Who is there who comes close to what he was about? Hicks poses a problem because such was the force of his personality he at once demands emulation while being impossible to imitate. Who wants to watch Hicks-lite? He makes a

lot comedians today look insubstantial and far too craven to the corporate dollar. The best of those who walk in his footsteps now do so with their own distinctive swagger. In America, I think Doug Stanhope – cut from similar misanthropic cloth while also urging the virtues of hard-headed humanity - leads the pack. In the UK, American abroad Reginald D Hunter has acquired a rare moral authority from being a free-thinking, go-it-alone spirit, tackling taboos round race and sex.


 


Frankie Boyle might have the same sit-up-and-listen contempt and fearlessness but it’s too often at the service of empty cynicism.

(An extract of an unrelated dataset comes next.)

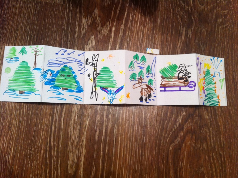 Дальше мамина фантазия разыгралась. Поскольку Соня никак не могла запомнить очередность куплетов в песне, то я предложила ей нарисовать каждый куплет. Отличная получилась у нас брошюрка… Первая и вторая картинки чисто мамины, на третьей и четвертой волк, заяц и лошадь - это Сонины шедевры, Сани с мужичком - мое, и последняя нарядная елочка тоже Сонина. Причем она нарисовала елку нарядную, я попросила ее изобразить радость, т.к. в песне про радость поется - Соня нарисовала нотки. Ок, в ее представлении это и есть радость. Ну а я нарисовала радость в виде салюта, дочка со мной согласилась.

Russell Brand has been inspired by Hicks and at his fulminating best – his recent riff on McDonald’s vapid “I’m Loving It” slogan a case in point – achieves the catalytic ignition that Hicks so often managed, like potassium hitting

water. When Brand talks about higher planes of consciousness, there are clear points of comparison too. But who else except Hicks seems to have been born with such a powerful sense of mission to become the straight-talking, dumb hicks-baiting conscience of his people?


 


He said and I quote: “On December 16th, 1961 the world turned upside down and inside out, and I was born screaming at America. It was the tail end of the American Dream. Just before we lost our innocence irrevocably when the TV

eye brought the horror of our lives into our homes for all to see. I was told when I grew up I could be anything I wanted a fireman, a policeman, a doctor, even president it seemed, and for the first time in the history of mankind something new called an astronaut. But like many kids growing up on a steady diet of westerns I always wanted to be the cowboy hero that lone voice in the wilderness fighting corruption and evil wherever I found it, and standing for freedom, truth, and justice. And in my heart of hearts I still track the remnants of that dream wherever I go in my never ending ride

into the setting sun.”


 


It’s tempting, surveying the gap his death left in modern stand-up comedy, to cry: send in the clones! Gather the comics together and force them to follow in the same fiery vein as best they can, even if it’s under artificial conditions. But we have to acknowledge his irreplaceability. Most of what he did is out there. Look at what he left, people. Study, learn, recite by heart if that suits. As the West heads deeper into the trash-can, we may well have further need of him.